Task directions
Write out a word-for-word repetition of the lines that come before the line containing "Dixon® Snap-Tite 71" in the listing below, along with that line itself, omitting pictures.

*** Data section ***

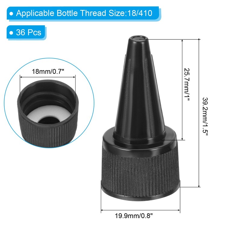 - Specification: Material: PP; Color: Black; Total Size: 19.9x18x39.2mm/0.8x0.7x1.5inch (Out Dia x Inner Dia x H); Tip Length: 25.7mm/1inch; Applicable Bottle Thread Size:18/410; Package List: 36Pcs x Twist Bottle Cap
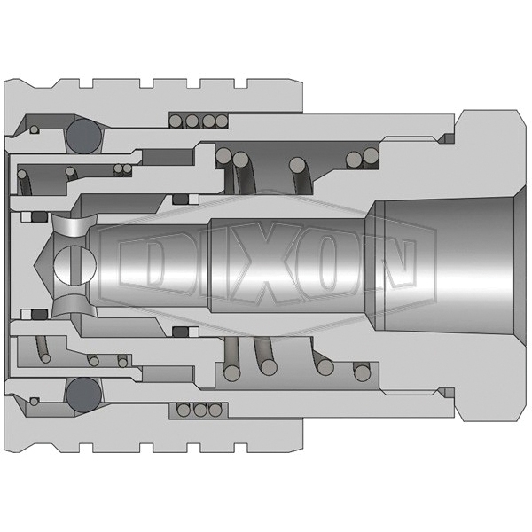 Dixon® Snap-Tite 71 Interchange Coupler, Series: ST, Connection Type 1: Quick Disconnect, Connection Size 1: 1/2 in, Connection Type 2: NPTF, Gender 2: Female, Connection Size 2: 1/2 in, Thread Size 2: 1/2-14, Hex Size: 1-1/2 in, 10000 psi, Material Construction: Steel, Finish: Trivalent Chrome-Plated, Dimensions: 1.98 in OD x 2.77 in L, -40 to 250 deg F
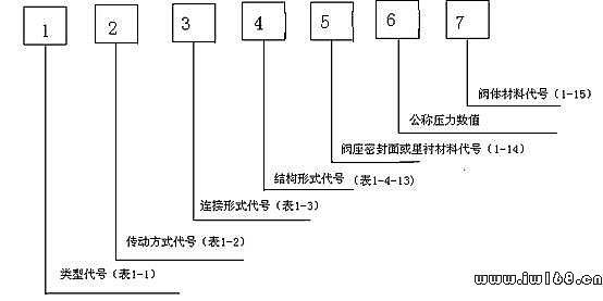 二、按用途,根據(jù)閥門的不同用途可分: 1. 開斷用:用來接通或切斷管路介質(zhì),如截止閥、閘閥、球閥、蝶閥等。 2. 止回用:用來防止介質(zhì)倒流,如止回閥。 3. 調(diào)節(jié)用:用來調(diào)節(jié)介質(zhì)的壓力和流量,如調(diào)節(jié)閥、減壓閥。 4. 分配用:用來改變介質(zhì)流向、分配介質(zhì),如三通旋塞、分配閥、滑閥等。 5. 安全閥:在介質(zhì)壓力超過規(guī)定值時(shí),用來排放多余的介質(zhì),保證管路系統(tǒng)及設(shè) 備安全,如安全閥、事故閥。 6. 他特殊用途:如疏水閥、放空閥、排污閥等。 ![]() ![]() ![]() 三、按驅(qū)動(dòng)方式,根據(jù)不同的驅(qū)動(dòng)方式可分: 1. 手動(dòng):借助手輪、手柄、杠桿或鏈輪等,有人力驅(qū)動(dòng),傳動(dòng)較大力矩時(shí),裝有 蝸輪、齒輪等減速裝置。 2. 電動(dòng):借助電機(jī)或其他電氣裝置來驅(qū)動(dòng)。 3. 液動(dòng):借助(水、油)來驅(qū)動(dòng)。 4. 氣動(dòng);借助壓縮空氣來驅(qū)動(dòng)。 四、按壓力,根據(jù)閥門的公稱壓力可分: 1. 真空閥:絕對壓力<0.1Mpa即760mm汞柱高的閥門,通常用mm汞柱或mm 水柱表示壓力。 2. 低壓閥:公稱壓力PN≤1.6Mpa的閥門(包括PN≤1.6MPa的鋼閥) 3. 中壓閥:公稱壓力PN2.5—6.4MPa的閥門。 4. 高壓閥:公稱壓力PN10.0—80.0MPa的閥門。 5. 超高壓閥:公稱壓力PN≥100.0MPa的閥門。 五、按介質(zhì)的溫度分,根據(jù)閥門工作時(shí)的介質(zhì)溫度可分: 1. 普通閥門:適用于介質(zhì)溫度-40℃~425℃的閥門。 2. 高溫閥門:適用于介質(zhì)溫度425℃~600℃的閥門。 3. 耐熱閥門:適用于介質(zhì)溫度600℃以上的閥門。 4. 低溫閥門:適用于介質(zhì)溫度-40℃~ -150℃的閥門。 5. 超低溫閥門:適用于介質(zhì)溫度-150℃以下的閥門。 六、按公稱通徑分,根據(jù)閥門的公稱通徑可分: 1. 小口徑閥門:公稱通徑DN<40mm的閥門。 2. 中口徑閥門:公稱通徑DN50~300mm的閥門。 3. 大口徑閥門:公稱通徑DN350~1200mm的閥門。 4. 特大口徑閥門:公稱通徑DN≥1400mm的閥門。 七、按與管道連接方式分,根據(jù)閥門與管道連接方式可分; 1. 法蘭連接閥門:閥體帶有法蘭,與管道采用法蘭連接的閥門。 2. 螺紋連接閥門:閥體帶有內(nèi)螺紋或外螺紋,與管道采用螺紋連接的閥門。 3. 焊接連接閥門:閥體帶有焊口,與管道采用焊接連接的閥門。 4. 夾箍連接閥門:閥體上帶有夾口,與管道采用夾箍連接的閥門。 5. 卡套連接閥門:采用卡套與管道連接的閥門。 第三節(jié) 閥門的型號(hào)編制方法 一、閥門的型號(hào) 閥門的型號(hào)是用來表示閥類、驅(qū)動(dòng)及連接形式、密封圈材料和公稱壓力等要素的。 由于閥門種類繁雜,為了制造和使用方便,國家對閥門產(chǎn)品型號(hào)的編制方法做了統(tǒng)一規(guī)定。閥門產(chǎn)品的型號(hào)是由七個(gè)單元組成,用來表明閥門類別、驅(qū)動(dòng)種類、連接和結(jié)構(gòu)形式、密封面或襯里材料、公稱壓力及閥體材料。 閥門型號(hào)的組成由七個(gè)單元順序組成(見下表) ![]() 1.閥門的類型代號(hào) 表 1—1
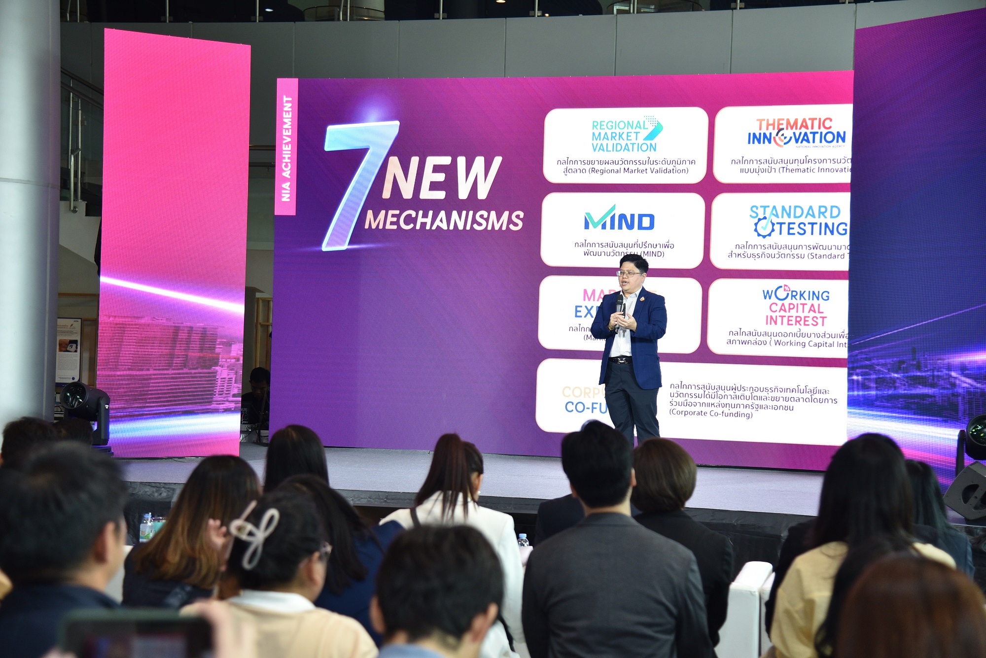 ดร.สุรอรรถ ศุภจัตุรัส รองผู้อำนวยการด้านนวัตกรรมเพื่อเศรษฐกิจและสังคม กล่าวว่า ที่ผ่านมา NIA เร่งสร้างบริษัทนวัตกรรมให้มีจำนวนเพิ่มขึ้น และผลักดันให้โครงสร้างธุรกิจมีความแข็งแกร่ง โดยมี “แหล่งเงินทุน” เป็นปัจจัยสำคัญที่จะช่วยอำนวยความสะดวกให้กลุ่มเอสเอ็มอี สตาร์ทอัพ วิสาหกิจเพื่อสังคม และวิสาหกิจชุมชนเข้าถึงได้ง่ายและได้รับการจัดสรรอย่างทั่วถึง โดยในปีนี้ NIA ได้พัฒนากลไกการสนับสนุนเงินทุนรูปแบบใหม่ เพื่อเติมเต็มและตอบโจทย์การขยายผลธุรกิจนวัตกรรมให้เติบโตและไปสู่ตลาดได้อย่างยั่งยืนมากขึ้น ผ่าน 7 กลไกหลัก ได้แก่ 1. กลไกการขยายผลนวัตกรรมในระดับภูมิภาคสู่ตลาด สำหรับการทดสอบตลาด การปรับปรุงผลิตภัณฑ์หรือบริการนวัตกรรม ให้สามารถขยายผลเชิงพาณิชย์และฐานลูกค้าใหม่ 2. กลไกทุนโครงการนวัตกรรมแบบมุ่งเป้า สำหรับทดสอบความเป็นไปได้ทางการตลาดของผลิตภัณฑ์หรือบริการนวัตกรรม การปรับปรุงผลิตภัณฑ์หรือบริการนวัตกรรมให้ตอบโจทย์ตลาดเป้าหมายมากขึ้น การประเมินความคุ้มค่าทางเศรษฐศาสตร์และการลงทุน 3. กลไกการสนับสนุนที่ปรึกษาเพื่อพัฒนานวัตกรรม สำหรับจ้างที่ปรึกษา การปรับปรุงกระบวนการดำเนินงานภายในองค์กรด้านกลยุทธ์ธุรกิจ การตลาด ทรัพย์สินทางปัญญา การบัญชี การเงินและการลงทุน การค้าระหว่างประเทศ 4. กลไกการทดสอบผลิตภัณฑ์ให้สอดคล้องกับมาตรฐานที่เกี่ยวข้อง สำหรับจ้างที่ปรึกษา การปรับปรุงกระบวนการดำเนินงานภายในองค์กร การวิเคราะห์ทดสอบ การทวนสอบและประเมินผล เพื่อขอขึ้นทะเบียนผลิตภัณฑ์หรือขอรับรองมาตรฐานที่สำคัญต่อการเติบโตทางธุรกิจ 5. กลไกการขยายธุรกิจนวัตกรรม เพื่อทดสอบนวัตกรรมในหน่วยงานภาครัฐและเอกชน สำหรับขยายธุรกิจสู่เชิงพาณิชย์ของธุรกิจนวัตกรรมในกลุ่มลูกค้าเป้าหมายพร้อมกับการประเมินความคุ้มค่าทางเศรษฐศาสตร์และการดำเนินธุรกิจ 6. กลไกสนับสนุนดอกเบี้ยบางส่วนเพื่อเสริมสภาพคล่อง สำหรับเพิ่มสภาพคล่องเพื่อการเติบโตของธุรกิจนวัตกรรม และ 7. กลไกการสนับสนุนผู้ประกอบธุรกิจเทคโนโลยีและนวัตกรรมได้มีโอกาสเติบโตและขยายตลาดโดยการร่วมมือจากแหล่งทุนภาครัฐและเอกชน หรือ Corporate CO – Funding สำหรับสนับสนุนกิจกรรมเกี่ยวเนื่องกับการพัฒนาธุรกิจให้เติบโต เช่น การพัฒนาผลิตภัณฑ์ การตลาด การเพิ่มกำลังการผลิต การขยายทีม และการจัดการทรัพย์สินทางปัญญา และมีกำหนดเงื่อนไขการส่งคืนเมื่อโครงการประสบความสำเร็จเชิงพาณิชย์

*** End of Data section ***

Output for this task
 - Specification: Material: PP; Color: Black; Total Size: 19.9x18x39.2mm/0.8x0.7x1.5inch (Out Dia x Inner Dia x H); Tip Length: 25.7mm/1inch; Applicable Bottle Thread Size:18/410; Package List: 36Pcs x Twist Bottle Cap
 Dixon® Snap-Tite 71 Interchange Coupler, Series: ST, Connection Type 1: Quick Disconnect, Connection Size 1: 1/2 in, Connection Type 2: NPTF, Gender 2: Female, Connection Size 2: 1/2 in, Thread Size 2: 1/2-14, Hex Size: 1-1/2 in, 10000 psi, Material Construction: Steel, Finish: Trivalent Chrome-Plated, Dimensions: 1.98 in OD x 2.77 in L, -40 to 250 deg F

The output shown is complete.